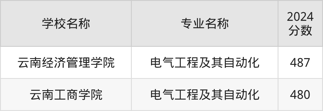 | 云南经济管理学院 | 电气工程及其自 动化 | 435 |
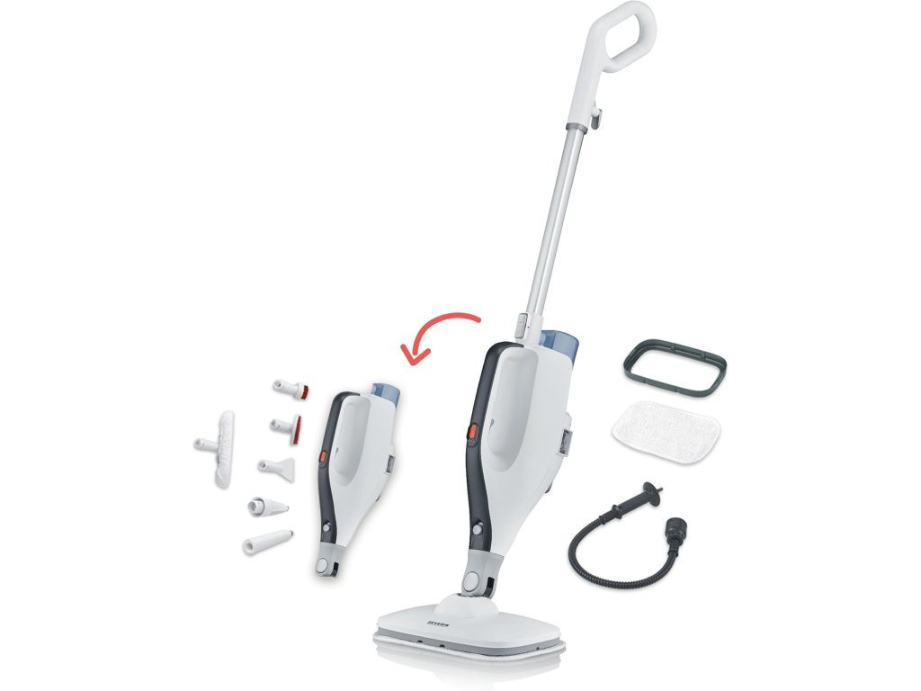 SEVERIN SC 7145 je 2 v 1 parný čistič s rýchlym nahrievaním, odstraňuje 99,9 % baktérií, má bohaté príslušenstvo a 9 m kábel pre pohodlné, ekologické čistenie.
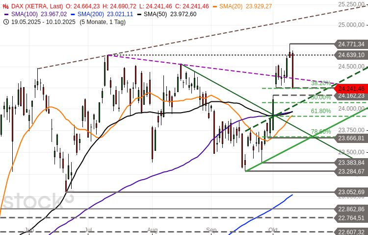 Er befindet sich damit im Korrekturmodus bezogen auf den vorausgegangenen Kursschub vom 25. September. Dabei hat er punktgenau das 38,2%-Fibonacci-Retracement abgearbeitet und den Support der Aufwärtslücke vom 2. Oktober erreicht. Eine Stabilisierung oder technische Erholung würde an dieser Stelle auch mit Blick auf die überverkauften markttechnischen Indikatoren auf Basis des Stundencharts nicht überraschen. Nächste Widerstände befinden sich bei 24.290/24.367 Punkten, 24.444/24.446 Punkten und 24.506-24.531 Punkten. Darüber (Stundenschlusskursbasis) käme es zu einer Aufhellung des kurzfristigen Chartbildes mit nächsten Barrieren bei 24.569 Punkten, 24.627-24.691 Punkten und 24.771 Punkten (Rekordhoch vom 9. Oktober). Ein signifikanter Rutsch unter 24.241 Punkte würde eine unmittelbare Fortsetzung des korrektiven Abschwungs nahelegen, mit nächstem Ziel 24.162 Punkte (Unterkante der Aufwärtslücke). Darunter käme es zu einer weiteren Eintrübung des kurzfristigen Chartbildes mit möglichen Zielen bei 24.050/24.078 Punkten, 24.013 Punkten und 23.884-23.973 Punkten.
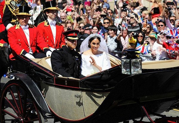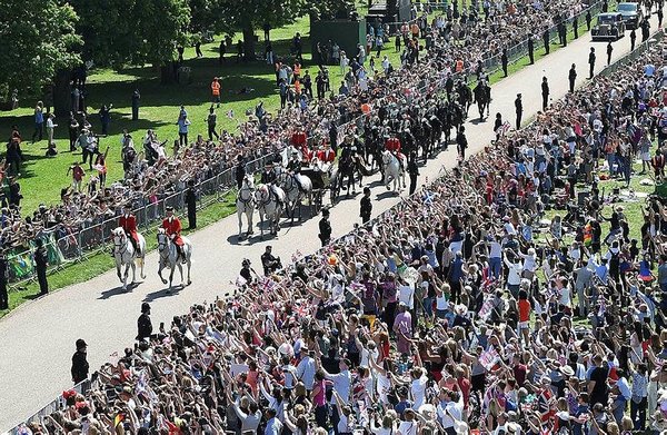 Up to 100,000 people, many decked out in patriotic paraphernalia, packed the streets of Windsor to get a glimpse of the newlyweds on their open-top carriage tour through the town afterwards.

| What is being asked |
What is needed is an exact copy of all the data, with no images in it.

| Written solution |
 | 云南经济管理学院 | 电气工程及其自 动化 | 435 |
 SEVERIN SC 7145 je 2 v 1 parný čistič s rýchlym nahrievaním, odstraňuje 99,9 % baktérií, má bohaté príslušenstvo a 9 m kábel pre pohodlné, ekologické čistenie.
 Er befindet sich damit im Korrekturmodus bezogen auf den vorausgegangenen Kursschub vom 25. September. Dabei hat er punktgenau das 38,2%-Fibonacci-Retracement abgearbeitet und den Support der Aufwärtslücke vom 2. Oktober erreicht. Eine Stabilisierung oder technische Erholung würde an dieser Stelle auch mit Blick auf die überverkauften markttechnischen Indikatoren auf Basis des Stundencharts nicht überraschen. Nächste Widerstände befinden sich bei 24.290/24.367 Punkten, 24.444/24.446 Punkten und 24.506-24.531 Punkten. Darüber (Stundenschlusskursbasis) käme es zu einer Aufhellung des kurzfristigen Chartbildes mit nächsten Barrieren bei 24.569 Punkten, 24.627-24.691 Punkten und 24.771 Punkten (Rekordhoch vom 9. Oktober). Ein signifikanter Rutsch unter 24.241 Punkte würde eine unmittelbare Fortsetzung des korrektiven Abschwungs nahelegen, mit nächstem Ziel 24.162 Punkte (Unterkante der Aufwärtslücke). Darunter käme es zu einer weiteren Eintrübung des kurzfristigen Chartbildes mit möglichen Zielen bei 24.050/24.078 Punkten, 24.013 Punkten und 23.884-23.973 Punkten.
 Up to 100,000 people, many decked out in patriotic paraphernalia, packed the streets of Windsor to get a glimpse of the newlyweds on their open-top carriage tour through the town afterwards.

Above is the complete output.